## Data records
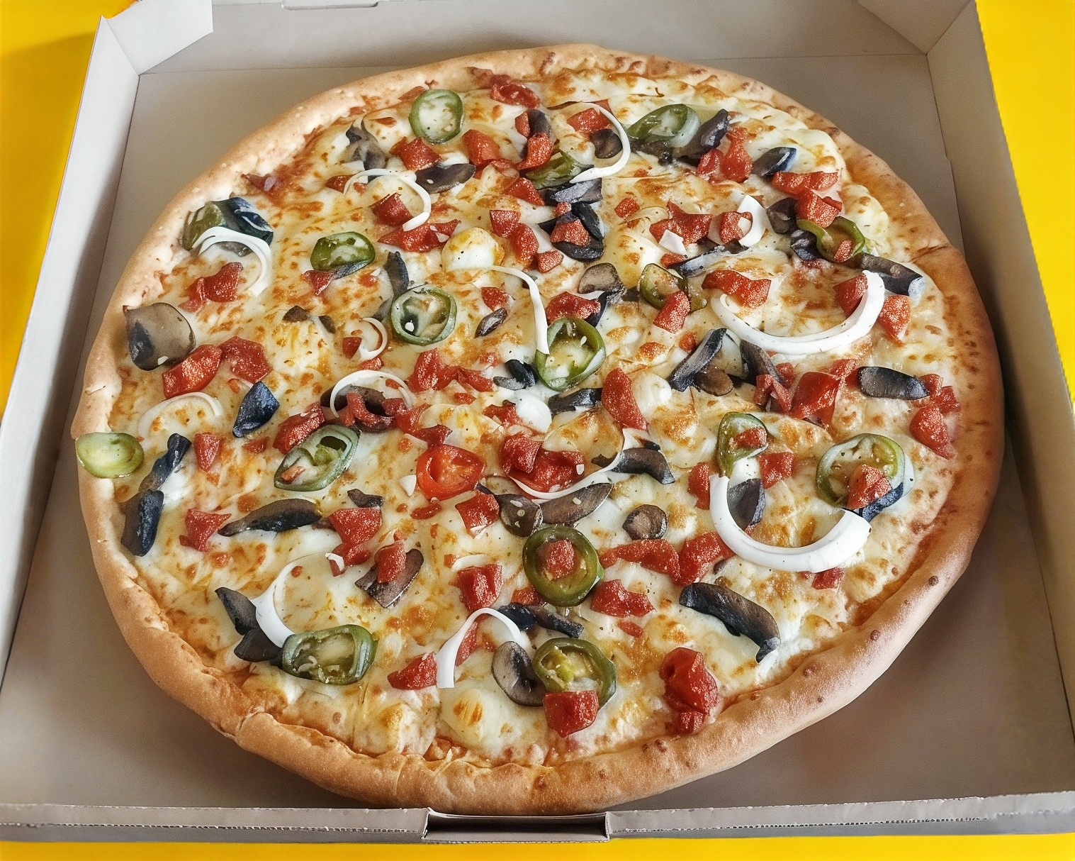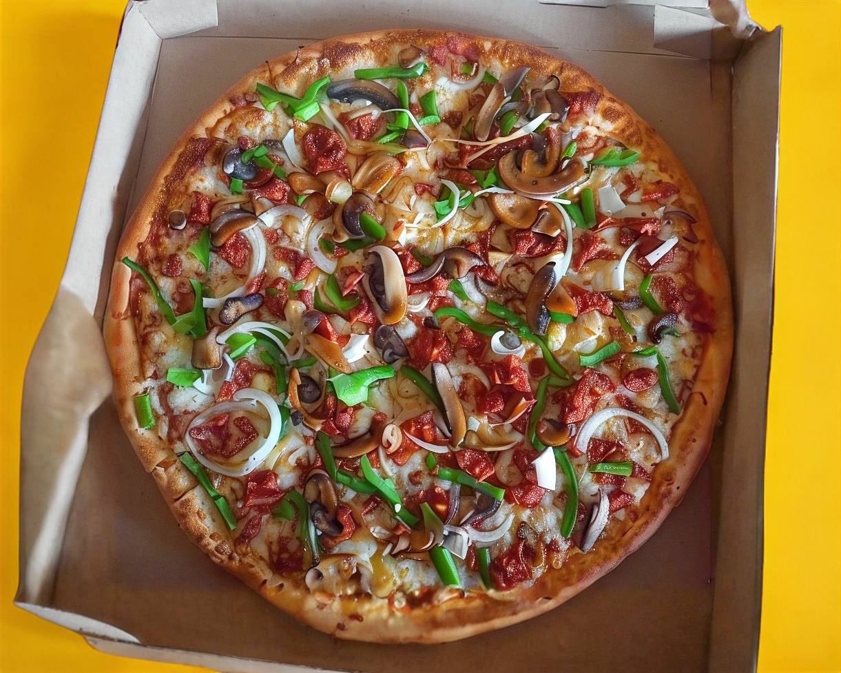 pizza de 33cm de diametro bañad en slsa de la casa con jamon, salami,champiñon, chorizo, cebolla y pimiento verde gratinada en 3 quesos
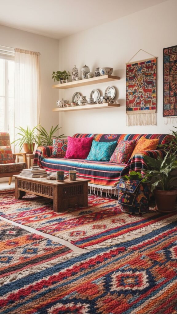 Showcasing items collected from travels adds deep character to your home. Moroccan rugs, Japanese ceramics, or Mexican textiles bring diverse cultural stories into your living room. These pieces act as natural conversation starters.
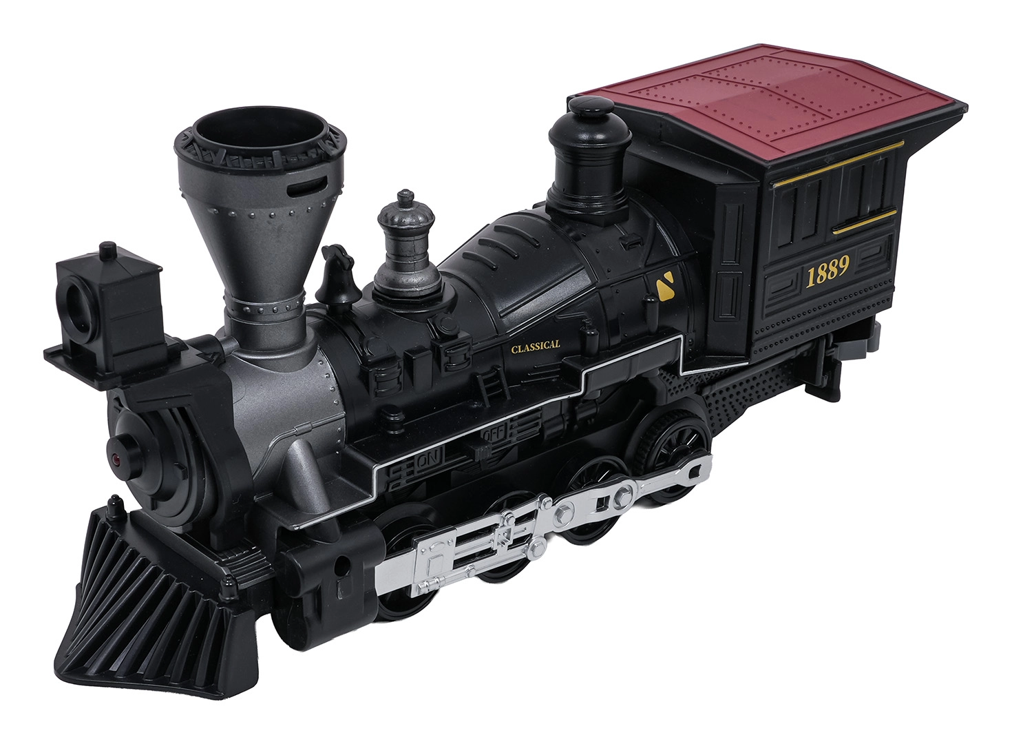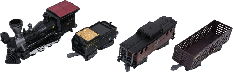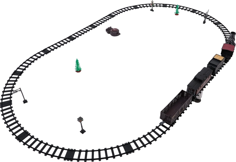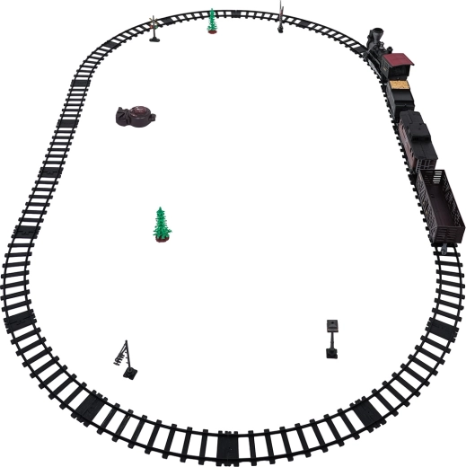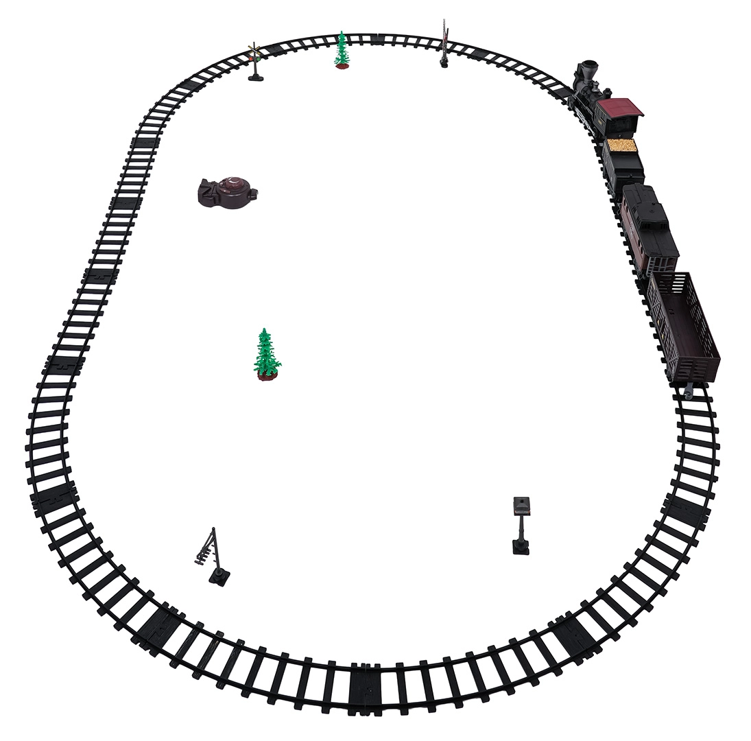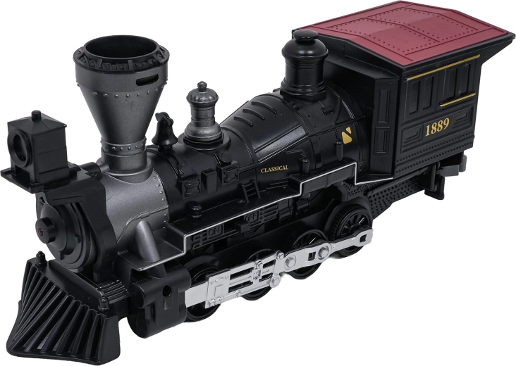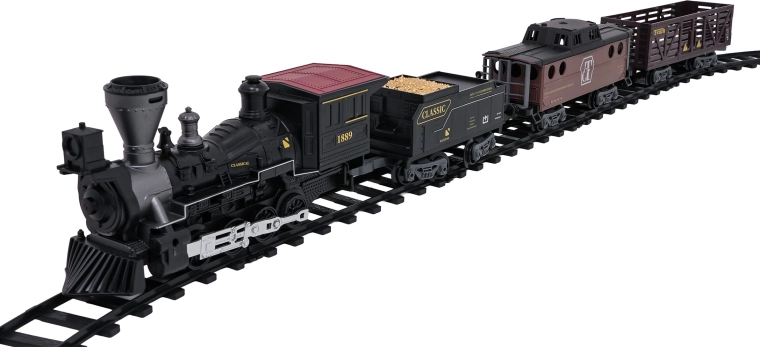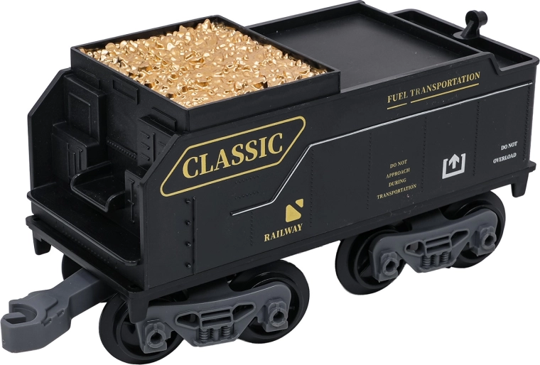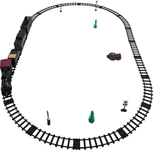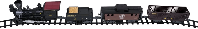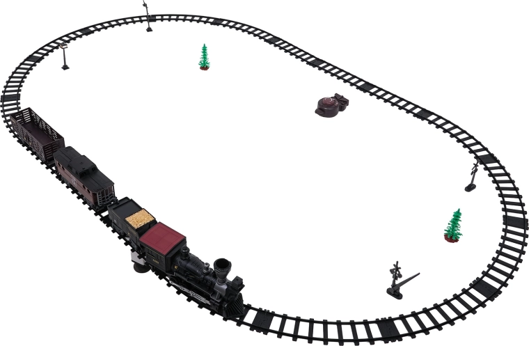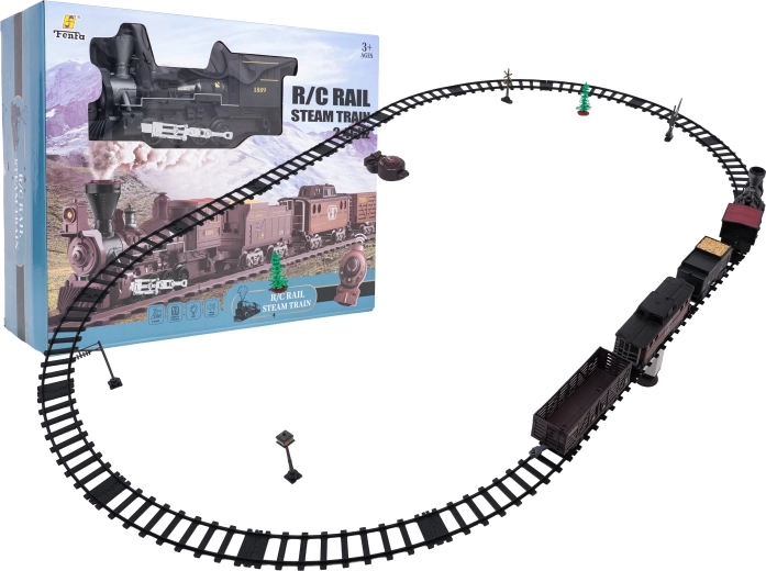 Trenulețul cu abur, stilat și bogat în detalii, îi va încânta pe micii și marii pasionați de căi ferate. Locomotiva, după completarea cu apă, creează un efect real de fum, în față luminează farul, iar în timpul mersului se aud sunete autentice, ce pot fi dezactivate la nevoie. Șinele din plastic rezistent se îmbină ferm și sunt sigure pentru copiii de la 3 ani.
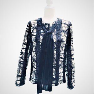 M.MIRANDA Retro Style Sequined Striped Lace Necktie Jacket Sz 18 Made in Turkey
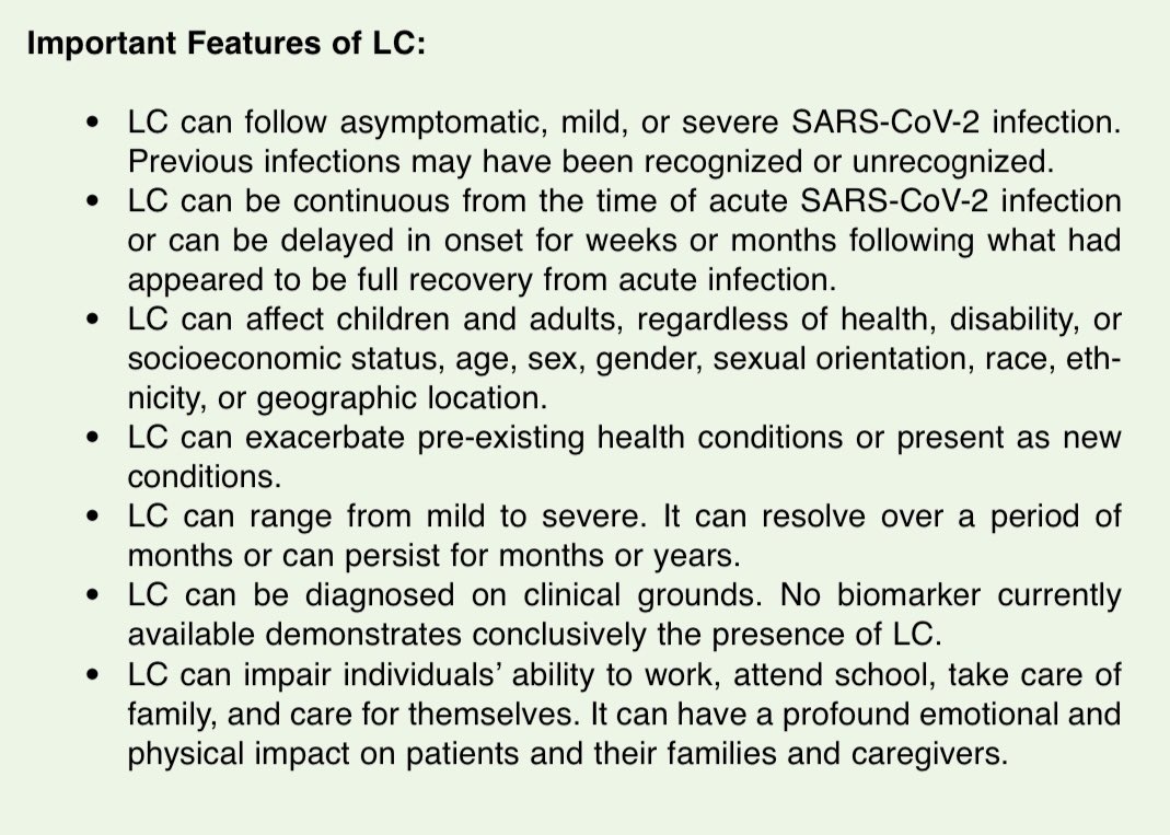 „Long COVID (LC) ist eine infektionsassoziierte chronische Erkrankung (IACC), die nach einer #SARSCoV2-Infektion auftritt und mindestens 3 Monate lang als kontinuierliche, rezidivierende und remittierende oder fortschreitende Erkrankung vorliegt,

## Description of the task
Except for the pictures, copy every line of the records above exactly.

## Task output
 pizza de 33cm de diametro bañad en slsa de la casa con jamon, salami,champiñon, chorizo, cebolla y pimiento verde gratinada en 3 quesos
 Showcasing items collected from travels adds deep character to your home. Moroccan rugs, Japanese ceramics, or Mexican textiles bring diverse cultural stories into your living room. These pieces act as natural conversation starters.
 Trenulețul cu abur, stilat și bogat în detalii, îi va încânta pe micii și marii pasionați de căi ferate. Locomotiva, după completarea cu apă, creează un efect real de fum, în față luminează farul, iar în timpul mersului se aud sunete autentice, ce pot fi dezactivate la nevoie. Șinele din plastic rezistent se îmbină ferm și sunt sigure pentru copiii de la 3 ani.
 M.MIRANDA Retro Style Sequined Striped Lace Necktie Jacket Sz 18 Made in Turkey
 „Long COVID (LC) ist eine infektionsassoziierte chronische Erkrankung (IACC), die nach einer #SARSCoV2-Infektion auftritt und mindestens 3 Monate lang als kontinuierliche, rezidivierende und remittierende oder fortschreitende Erkrankung vorliegt,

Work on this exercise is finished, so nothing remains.